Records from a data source
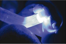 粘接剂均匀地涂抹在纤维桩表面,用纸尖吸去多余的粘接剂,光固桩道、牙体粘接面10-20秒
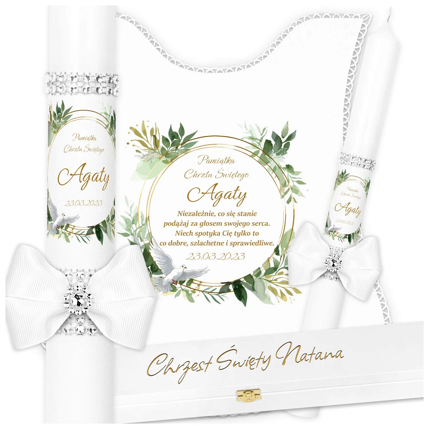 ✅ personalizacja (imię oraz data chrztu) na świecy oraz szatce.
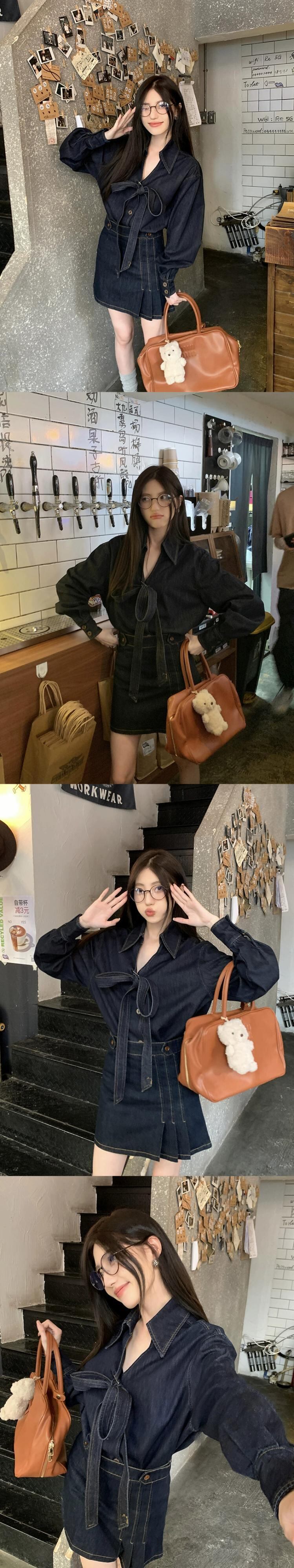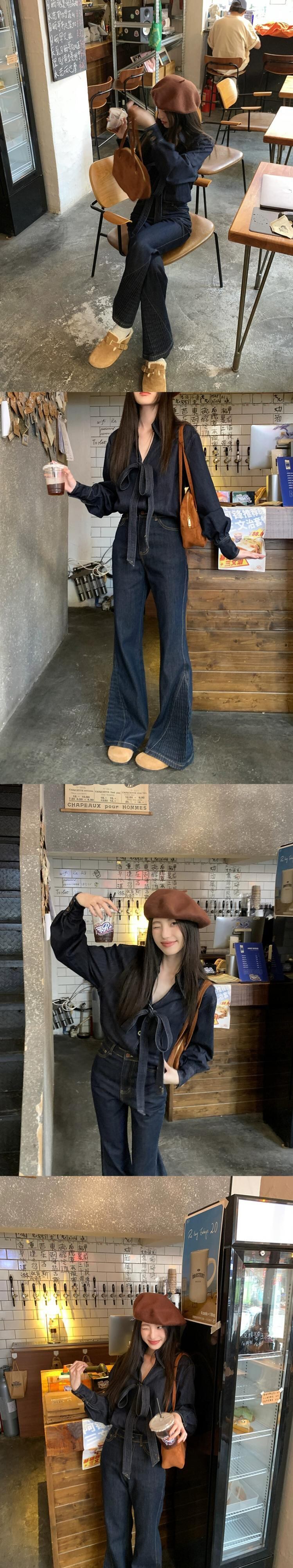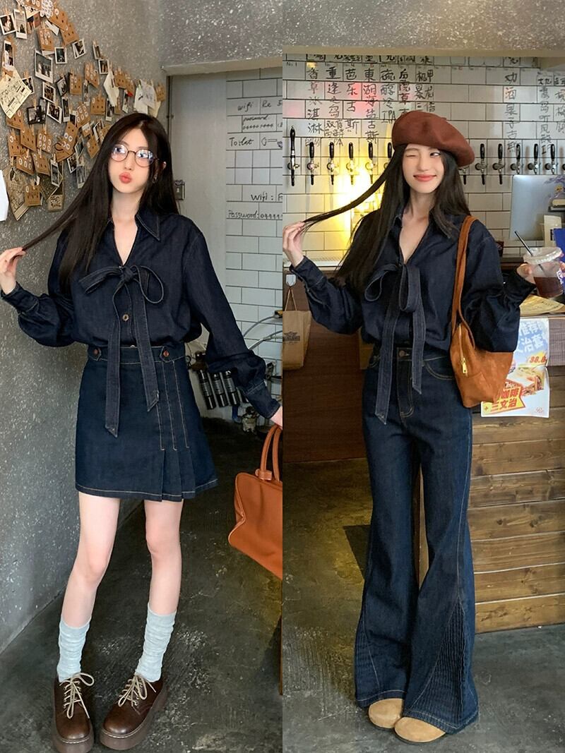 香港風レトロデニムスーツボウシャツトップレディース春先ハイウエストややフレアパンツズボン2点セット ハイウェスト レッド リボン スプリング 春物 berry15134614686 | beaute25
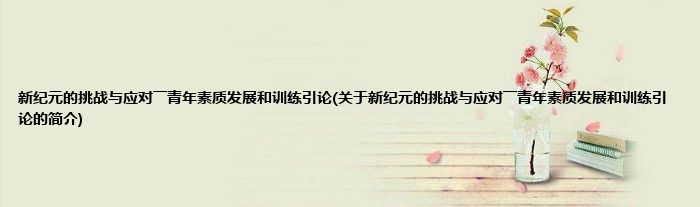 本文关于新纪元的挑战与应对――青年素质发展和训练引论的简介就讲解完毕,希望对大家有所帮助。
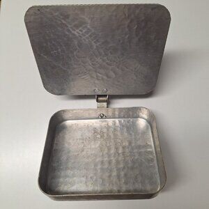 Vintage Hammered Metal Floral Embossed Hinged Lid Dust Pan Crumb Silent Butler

---

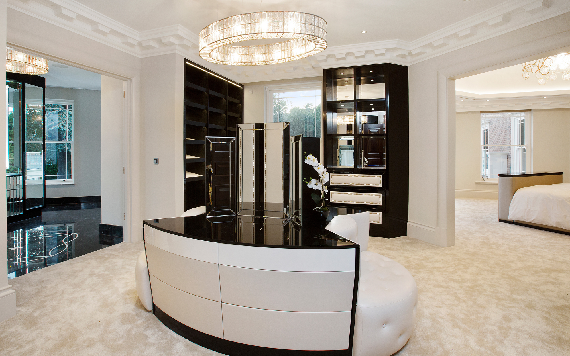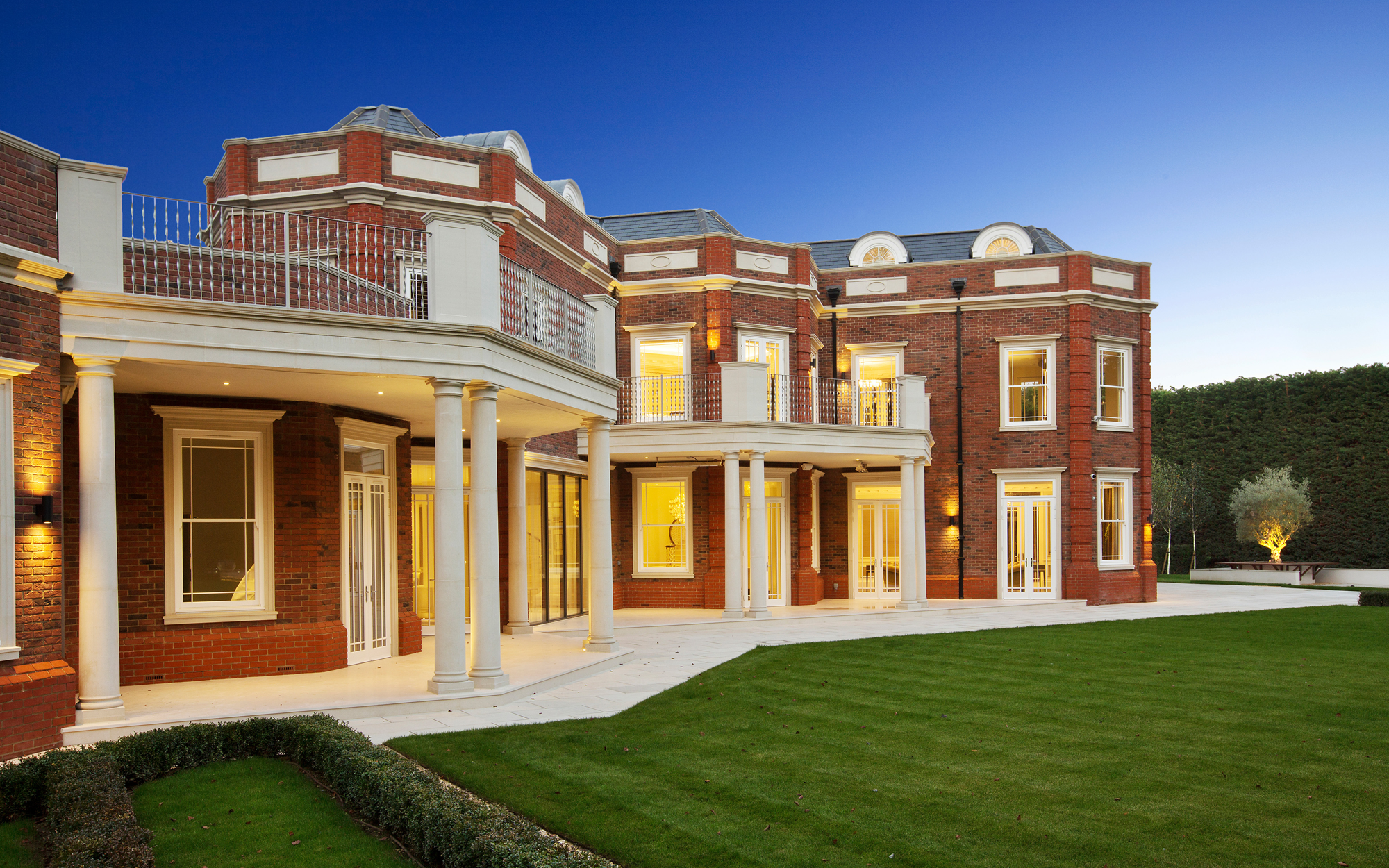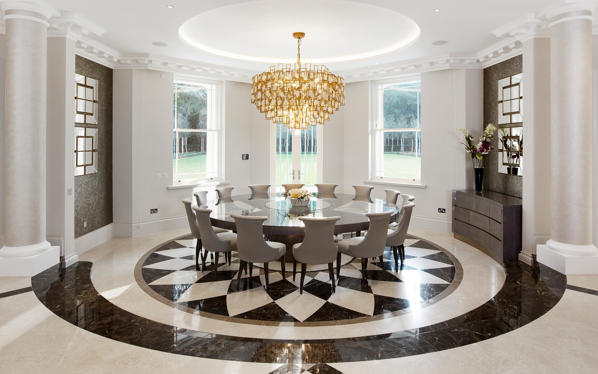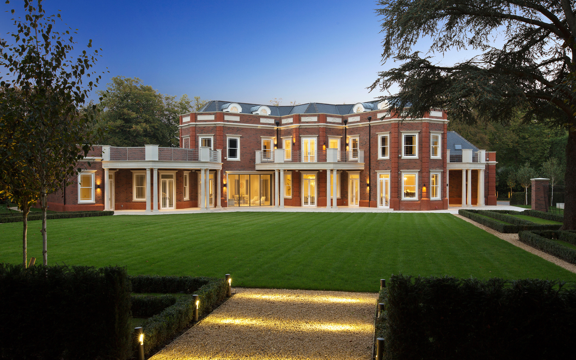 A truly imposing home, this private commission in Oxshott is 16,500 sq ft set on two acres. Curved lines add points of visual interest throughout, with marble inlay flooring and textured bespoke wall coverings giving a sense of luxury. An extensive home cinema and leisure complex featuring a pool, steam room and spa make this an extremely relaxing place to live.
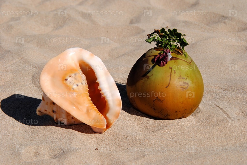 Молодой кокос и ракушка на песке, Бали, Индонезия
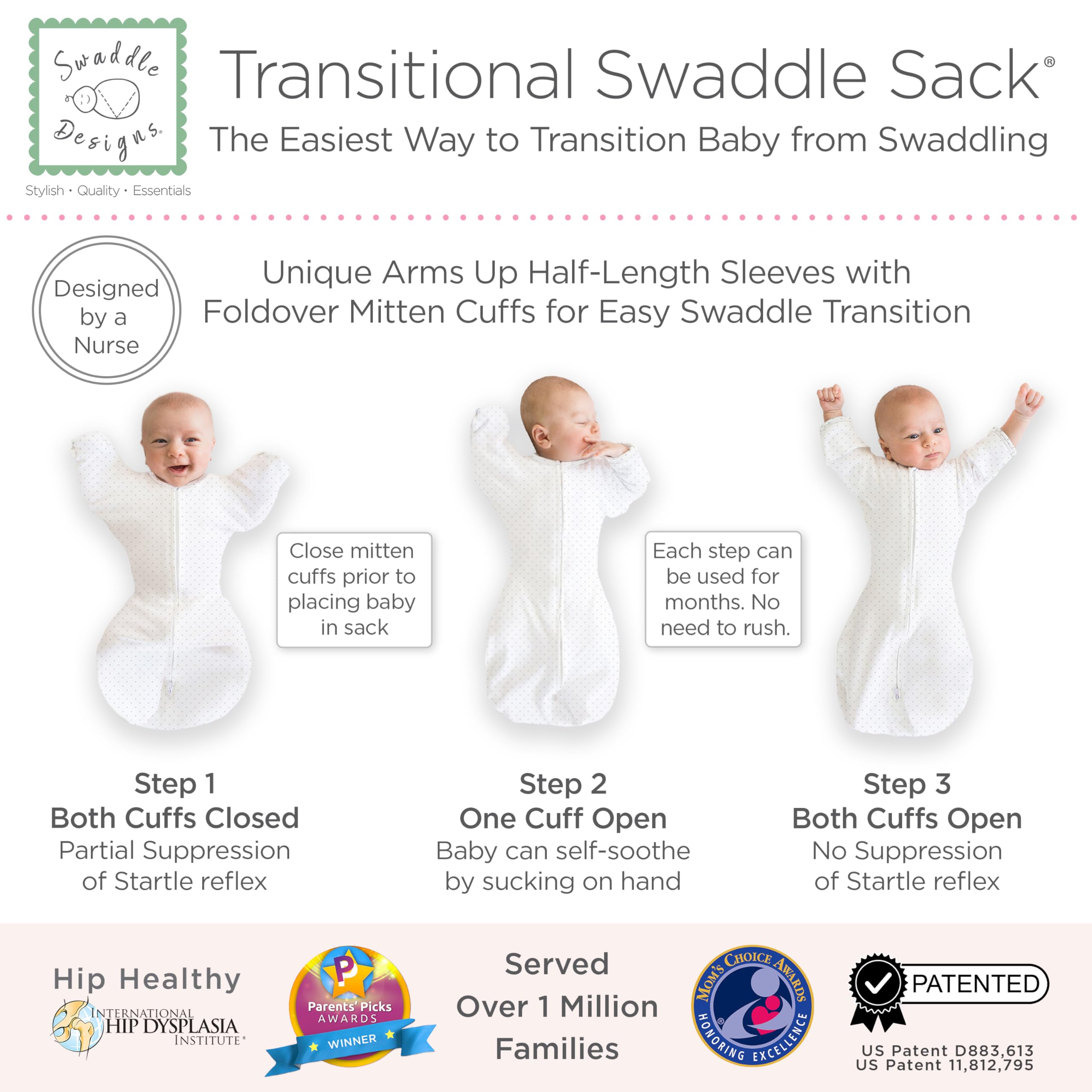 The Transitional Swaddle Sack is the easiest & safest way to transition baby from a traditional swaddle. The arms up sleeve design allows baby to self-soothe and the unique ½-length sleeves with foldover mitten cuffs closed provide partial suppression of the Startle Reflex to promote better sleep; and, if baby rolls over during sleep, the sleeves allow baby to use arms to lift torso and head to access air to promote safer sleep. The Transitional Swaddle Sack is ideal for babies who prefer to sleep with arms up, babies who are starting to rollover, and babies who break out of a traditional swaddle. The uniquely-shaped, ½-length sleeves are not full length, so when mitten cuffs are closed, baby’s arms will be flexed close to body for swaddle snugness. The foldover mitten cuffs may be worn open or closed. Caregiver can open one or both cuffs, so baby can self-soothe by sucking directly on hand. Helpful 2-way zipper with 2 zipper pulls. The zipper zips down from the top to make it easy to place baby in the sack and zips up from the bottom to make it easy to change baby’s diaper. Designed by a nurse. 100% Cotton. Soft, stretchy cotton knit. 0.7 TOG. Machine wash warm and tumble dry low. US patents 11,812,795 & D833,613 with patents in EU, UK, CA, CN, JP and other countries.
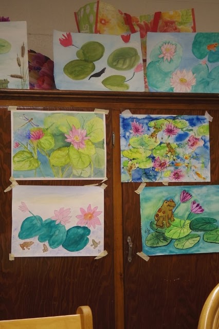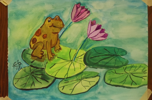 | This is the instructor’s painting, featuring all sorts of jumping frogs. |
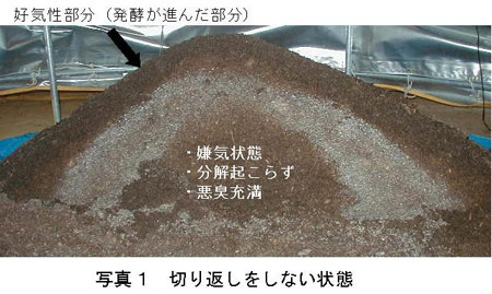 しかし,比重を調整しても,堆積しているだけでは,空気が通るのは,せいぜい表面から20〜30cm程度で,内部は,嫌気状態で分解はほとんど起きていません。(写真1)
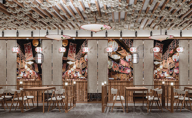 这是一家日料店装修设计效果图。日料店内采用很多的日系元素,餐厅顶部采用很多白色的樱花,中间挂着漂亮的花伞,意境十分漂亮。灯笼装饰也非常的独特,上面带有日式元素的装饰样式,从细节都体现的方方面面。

--- Activity ---
Among the entries above, find the line with "粘接剂均匀地涂抹在纤维桩表面" and repeat exactly from there through the line with "Vintage Hammered Metal", leaving out the pictures.

--- Answer section ---
 粘接剂均匀地涂抹在纤维桩表面,用纸尖吸去多余的粘接剂,光固桩道、牙体粘接面10-20秒
 ✅ personalizacja (imię oraz data chrztu) na świecy oraz szatce.
 香港風レトロデニムスーツボウシャツトップレディース春先ハイウエストややフレアパンツズボン2点セット ハイウェスト レッド リボン スプリング 春物 berry15134614686 | beaute25
 本文关于新纪元的挑战与应对――青年素质发展和训练引论的简介就讲解完毕,希望对大家有所帮助。
 Vintage Hammered Metal Floral Embossed Hinged Lid Dust Pan Crumb Silent Butler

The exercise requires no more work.